PROBLEM TO SOLVE
Repeat, exactly as they appear, the lines from the one with "π― Authentic Louis" through the last line of the entries below, but none of the pictures.

#### DATASET EXCERPTS

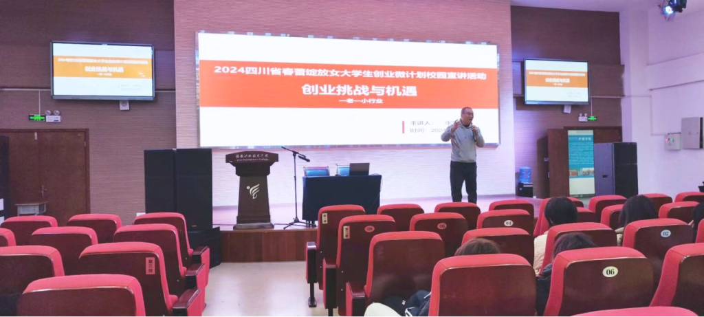 活动开始,潘谦导师向学生介绍了四川省“春蕾绽放”女大学生创业微计划的具体内容,包括校园宣讲活动、校企社人才联合培养、女大学生就业辅导、创业项目孵化与社区对接、成果展示与交流活动。该计划打造了高校、企业、社区三方协同创新平台,为女大学生创业就业提供全链条支持。让学生对“春蕾绽放”女大学生创业微计划有了深入的了解,增加了学生对成功创业的信心。
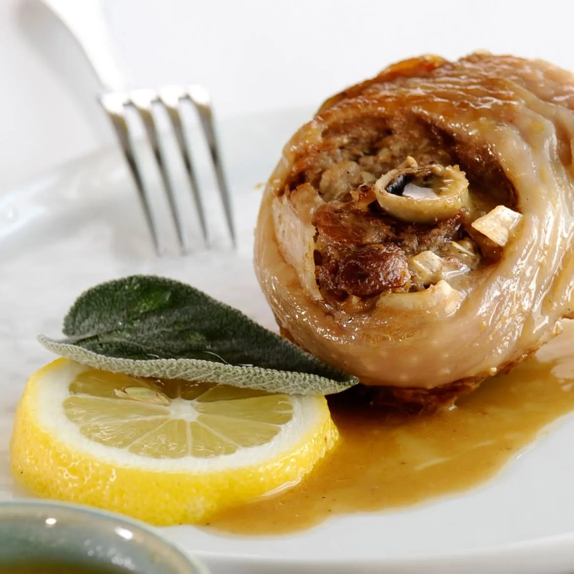 Servite gli ossibuchi con la salsina al limone ottenuta in cottura, con una fetta di limone decorativa e qualche fogliolina di salvia a piacere.
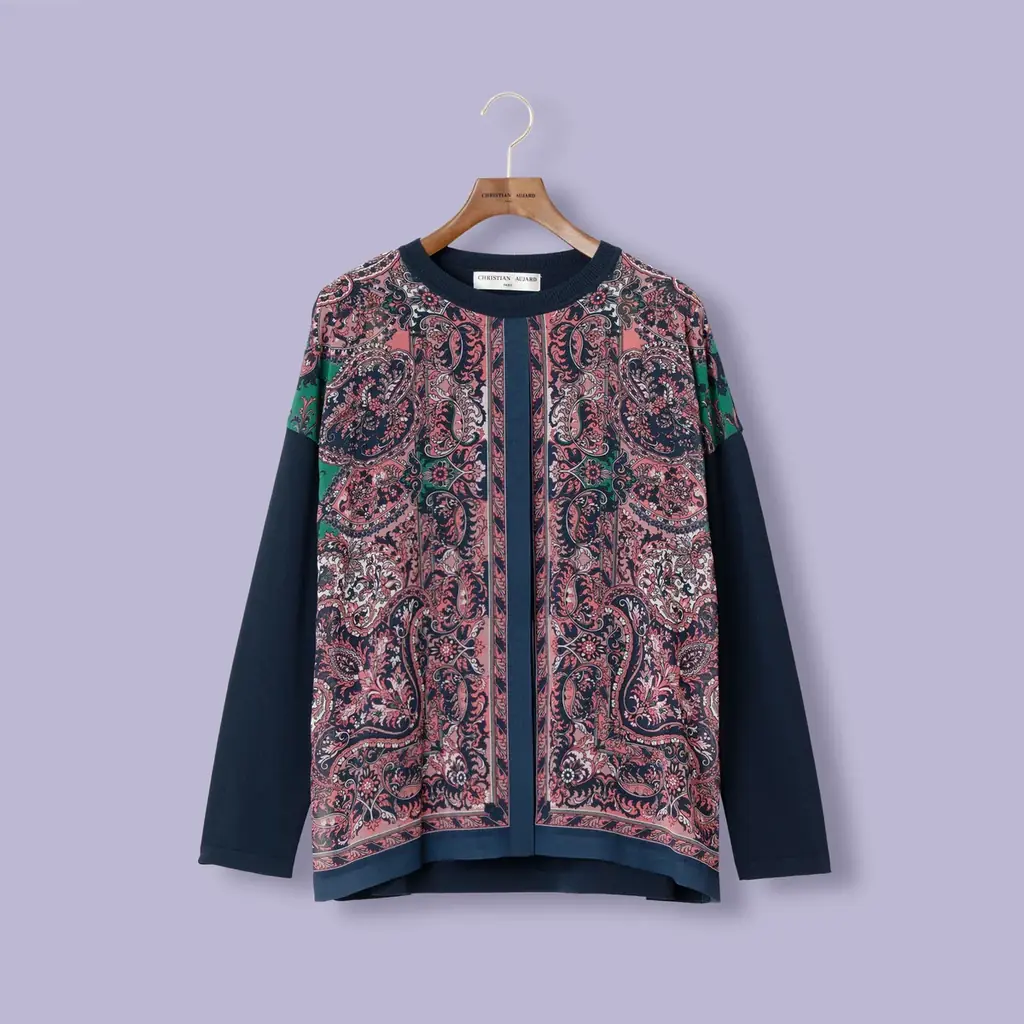 前身頃にペイズリープリントを配したニットは、一枚で華やかさと上品さを兼ね備える。ニット ¥64,900(税込)商品コード:PRFAE02590。 - 華やぐ大人カジュアル
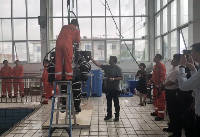 會(huì)后,與會(huì)代表在青島太平洋公司潛水員訓(xùn)練場觀摩了ADS常壓潛水系統(tǒng)的下水訓(xùn)練,身臨其境的感受了設(shè)備入水、水下移動(dòng)、穿纜作業(yè)、水下重物吊掛等環(huán)節(jié),并對(duì)該系統(tǒng)的使用體驗(yàn)給予了高度的評(píng)價(jià)。
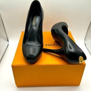 π― Authentic Louis Vuitton Oh Really Black Patent Gold Lock Platform Peep Toe Pumps. The shoes are the classic "Oh Really" platform peep toe pumps in black patent leather. They have the iconic LV logo engraved padlocks at the back in gold tone hardware, 3/4" hidden platforms, and 4 1/4" heels.
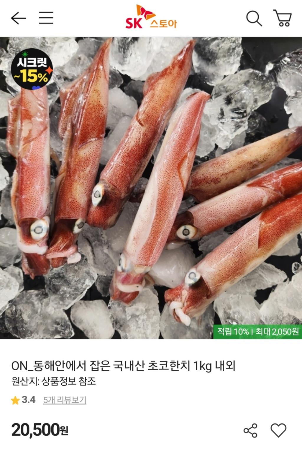 [기타] 자연산 한치 1kg (8~9미)
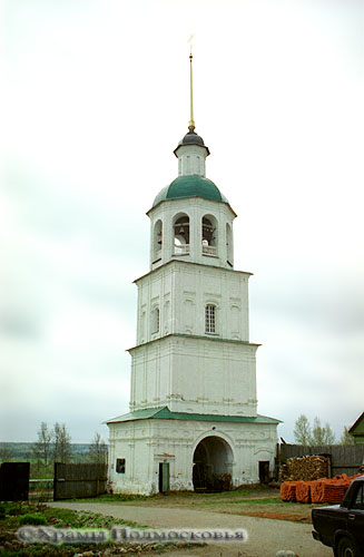 К трапезной с запада пристроена колокольня в три кубических яруса, увенчанная куполом со шпилем (утрачен).
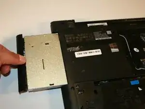 Удалите фиксирующий винт привода CD (#00x5.5 мм) и выдвиньте привод из посадочного места.
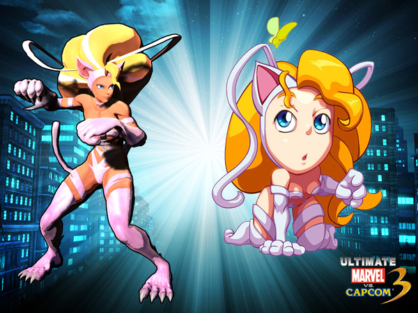 The 2P costume is a throwback to a popular blonde version of Felicia. This is actually her alternate costume in a couple of games, but we used Puzzle Fighter as a reference, mostly because I love Puzzle Fighter. How cute!
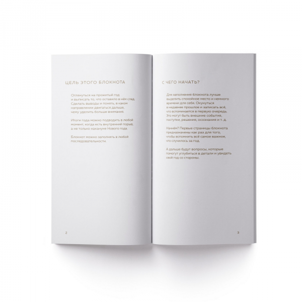 Блокнот традиционно покупают себе в конце уходящего года или в качестве новогоднего подарка. Хотя ограничений по заполнению нет. Итоги года можно подводить в любой момент, когда есть внутренний порыв, а не только накануне Нового года.

########

EXERCISE ANSWER
 π― Authentic Louis Vuitton Oh Really Black Patent Gold Lock Platform Peep Toe Pumps. The shoes are the classic "Oh Really" platform peep toe pumps in black patent leather. They have the iconic LV logo engraved padlocks at the back in gold tone hardware, 3/4" hidden platforms, and 4 1/4" heels.
 [기타] 자연산 한치 1kg (8~9미)
 К трапезной с запада пристроена колокольня в три кубических яруса, увенчанная куполом со шпилем (утрачен).
 Удалите фиксирующий винт привода CD (#00x5.5 мм) и выдвиньте привод из посадочного места.
 The 2P costume is a throwback to a popular blonde version of Felicia. This is actually her alternate costume in a couple of games, but we used Puzzle Fighter as a reference, mostly because I love Puzzle Fighter. How cute!
 Блокнот традиционно покупают себе в конце уходящего года или в качестве новогоднего подарка. Хотя ограничений по заполнению нет. Итоги года можно подводить в любой момент, когда есть внутренний порыв, а не только накануне Нового года.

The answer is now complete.